Day 1 – You Need Your Own Definition of Design Maturity

Design Maturity Gap Analysis — redefine the definition, based on various circumstances in the last few years. Your understanding of your team, easier to find the direction you need to be taking to create a design-led org.

Design Maturity — a measure of how well a business uses design capabilities to create value.

Started with the model (Early 2021):

  • Not evenly distributed – leaders knew the importance while some didn’t know UX function existed.
  • 75 design and tech docs team; >1200 engineers.

Own definition of design maturity —

  • Secondary research like: Design maturity models, reading reports, glimpse into history of finance.
  • Listen to podcasts from thought leaders: talking about what they thought.
  • Interviews with teammates: The heart of it?
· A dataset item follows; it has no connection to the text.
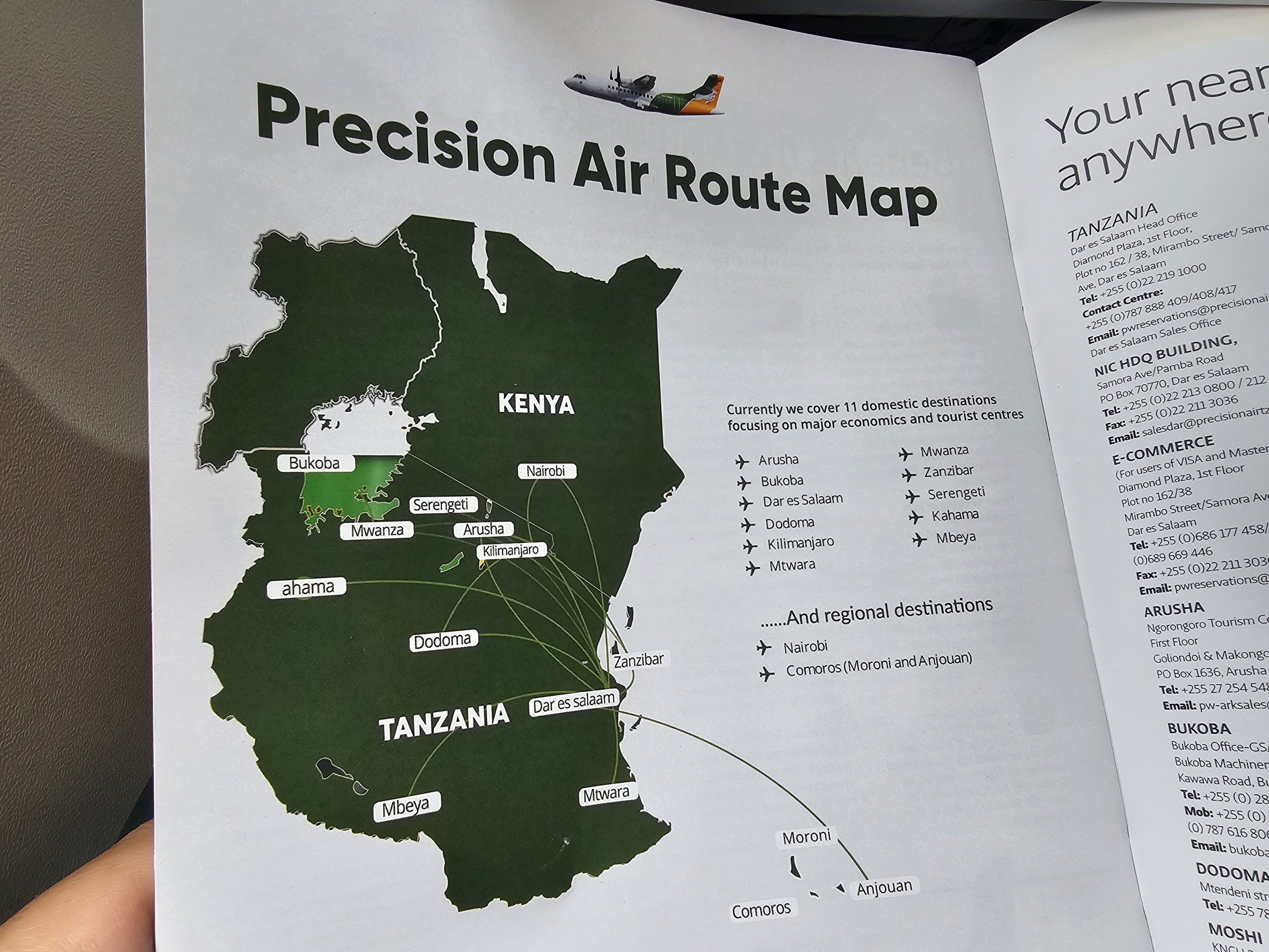 Precision Air on võrgustiku lennufirma, mis pakub jätkulende lennujaamade kaudu. Dar es Salaam DAR või, Kilimanjaro JRO või Zanzibar ZNZ.

Getting to know the team.
    • Starts off with a focus on the process side.
    • But then, conversations became heartfelt:
      • Feels researchers are second-class citizens
      • Not brought into early conversations on projects to figure out problems
      • Having admiration and regard for teammates talents

Design maturity capability models impress business execs — 

  • Looking for reliable and repeatable processes.

Design is not what it looks like.

Needed to add other layers; It has to be delivering value to business and customers, but it has to also be for team members too!

Design function changes as business changes: Inclusiveness, Ethics, Social Justice, Sustainability.

The pillars — 

  • Clearly defined mission, vision and principles.
  • Elevate people
  • Common methodologies consistently used
  • Design mindsets and skills integrated across functions

Putting it to play: Present to leaders, socialize with the team, reflection at all-hands. The outcomes —

    • We have our why
    • OKR Planning
    • Decision to pause team-wide design critiques

 

  • Feeling seen!

 

Why rethink design maturity now?

  1. Collective and personal traumas
  2. Foregrounding care
  3. Adapting to awkwardness and discomfort

Only you know your experiences. Only you know where your team has been. Only you know you team’s aspirations.